— DATA —
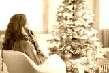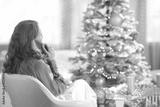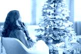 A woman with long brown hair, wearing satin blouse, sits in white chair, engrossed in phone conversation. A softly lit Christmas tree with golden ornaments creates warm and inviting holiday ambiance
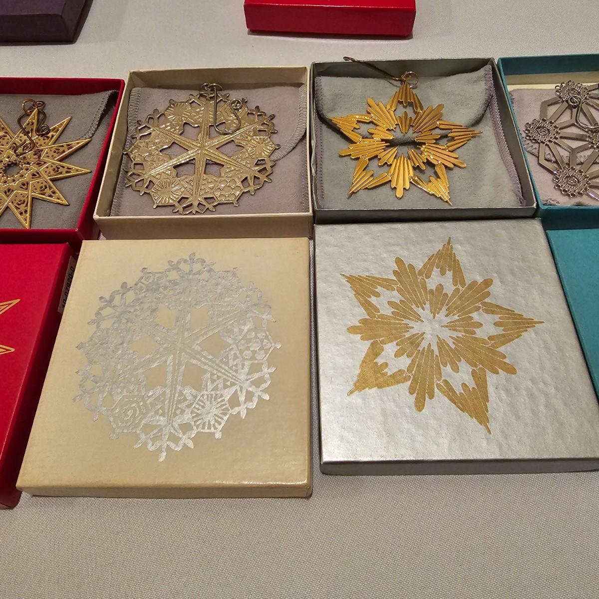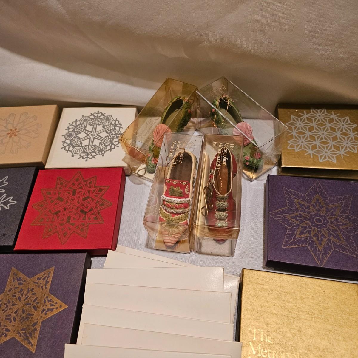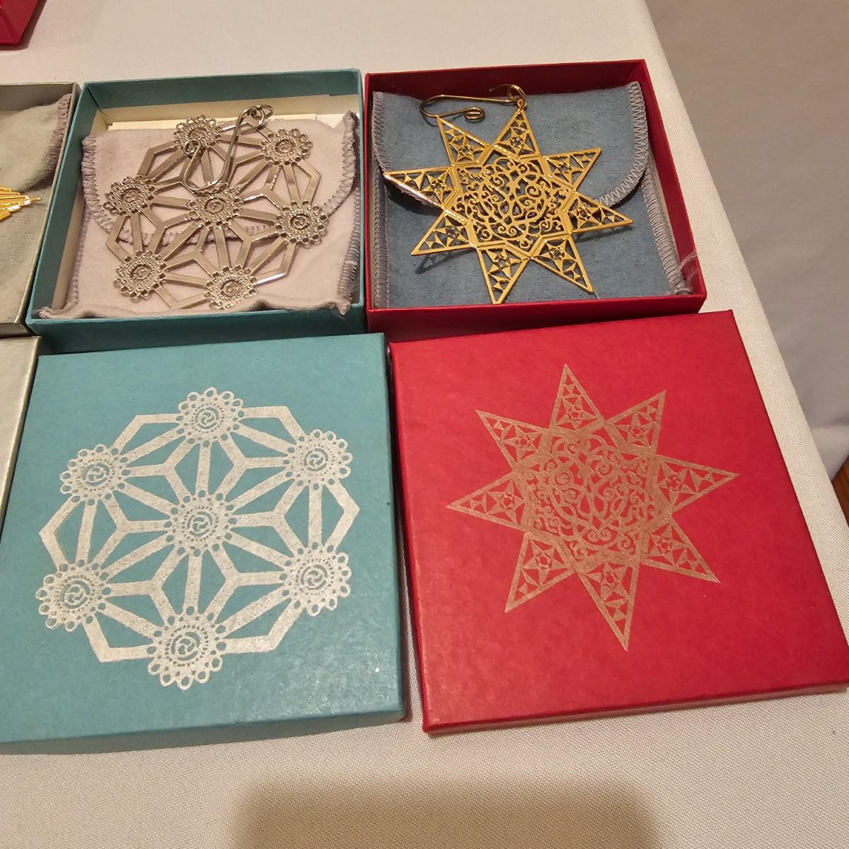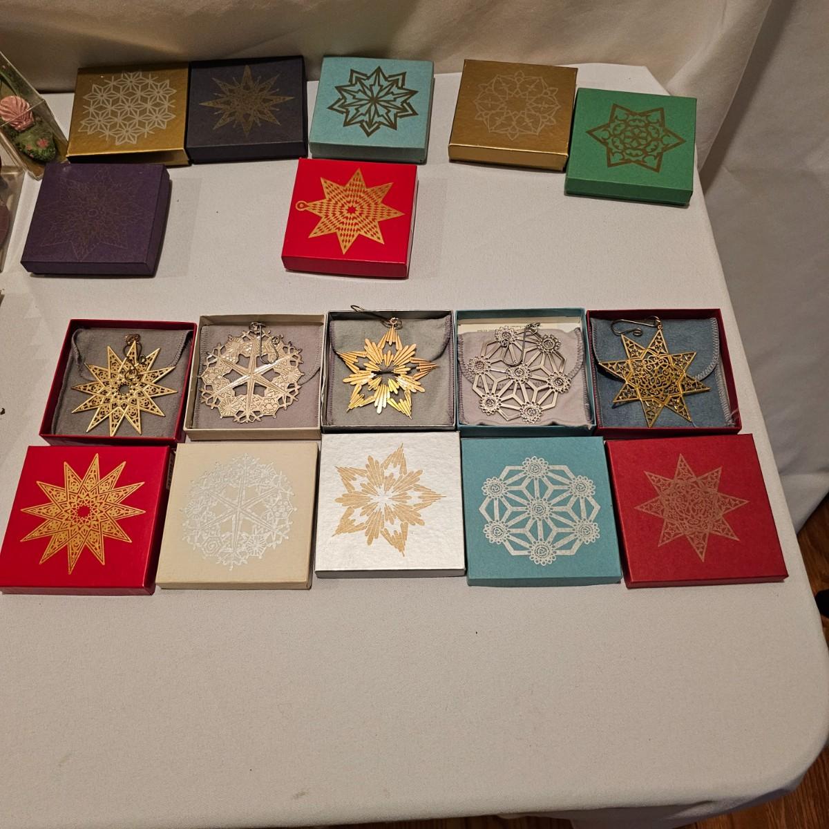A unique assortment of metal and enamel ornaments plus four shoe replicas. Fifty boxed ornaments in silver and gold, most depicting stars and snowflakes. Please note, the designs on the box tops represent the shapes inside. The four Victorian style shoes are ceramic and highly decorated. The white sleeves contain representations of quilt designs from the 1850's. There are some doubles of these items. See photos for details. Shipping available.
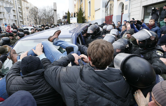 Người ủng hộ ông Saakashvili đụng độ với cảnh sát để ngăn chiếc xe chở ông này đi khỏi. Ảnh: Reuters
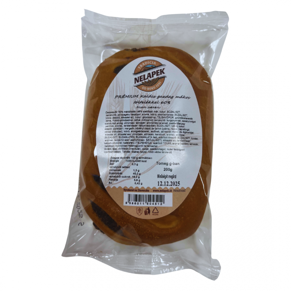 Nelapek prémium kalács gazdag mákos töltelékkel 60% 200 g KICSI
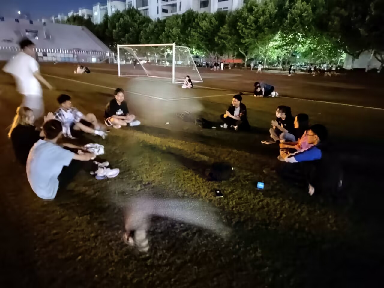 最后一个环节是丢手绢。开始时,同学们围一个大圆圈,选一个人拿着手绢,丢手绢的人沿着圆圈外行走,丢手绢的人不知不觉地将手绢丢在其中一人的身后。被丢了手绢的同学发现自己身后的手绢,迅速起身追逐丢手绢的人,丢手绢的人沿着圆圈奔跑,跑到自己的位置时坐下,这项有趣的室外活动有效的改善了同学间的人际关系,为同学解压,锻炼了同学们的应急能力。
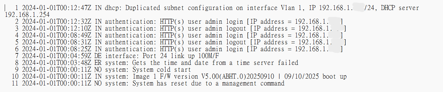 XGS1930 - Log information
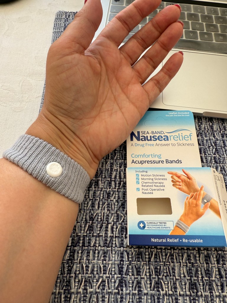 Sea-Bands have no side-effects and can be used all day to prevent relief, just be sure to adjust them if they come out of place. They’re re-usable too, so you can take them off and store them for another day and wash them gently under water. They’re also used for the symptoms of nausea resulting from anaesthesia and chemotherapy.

* * *

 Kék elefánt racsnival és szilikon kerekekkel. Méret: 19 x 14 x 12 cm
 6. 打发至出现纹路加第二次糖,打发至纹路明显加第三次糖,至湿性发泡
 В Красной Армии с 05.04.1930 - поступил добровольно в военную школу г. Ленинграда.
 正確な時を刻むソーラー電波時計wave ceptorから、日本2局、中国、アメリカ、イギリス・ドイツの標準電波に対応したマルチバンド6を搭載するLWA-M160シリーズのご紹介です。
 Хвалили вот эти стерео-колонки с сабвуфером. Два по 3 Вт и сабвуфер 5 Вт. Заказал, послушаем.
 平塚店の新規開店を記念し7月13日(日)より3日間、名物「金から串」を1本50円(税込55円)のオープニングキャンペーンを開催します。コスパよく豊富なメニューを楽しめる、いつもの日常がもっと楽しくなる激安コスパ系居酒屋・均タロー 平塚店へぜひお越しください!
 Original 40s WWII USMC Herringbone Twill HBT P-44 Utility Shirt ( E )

— WHAT IS EXPECTED —
Copy exactly the material above from the line with "A woman with" to the line with "Người ủng hộ", ends included, and nothing else. Leave out any picture.

— COMPLETED EXERCISE —
 A woman with long brown hair, wearing satin blouse, sits in white chair, engrossed in phone conversation. A softly lit Christmas tree with golden ornaments creates warm and inviting holiday ambiance
A unique assortment of metal and enamel ornaments plus four shoe replicas. Fifty boxed ornaments in silver and gold, most depicting stars and snowflakes. Please note, the designs on the box tops represent the shapes inside. The four Victorian style shoes are ceramic and highly decorated. The white sleeves contain representations of quilt designs from the 1850's. There are some doubles of these items. See photos for details. Shipping available.
 Người ủng hộ ông Saakashvili đụng độ với cảnh sát để ngăn chiếc xe chở ông này đi khỏi. Ảnh: Reuters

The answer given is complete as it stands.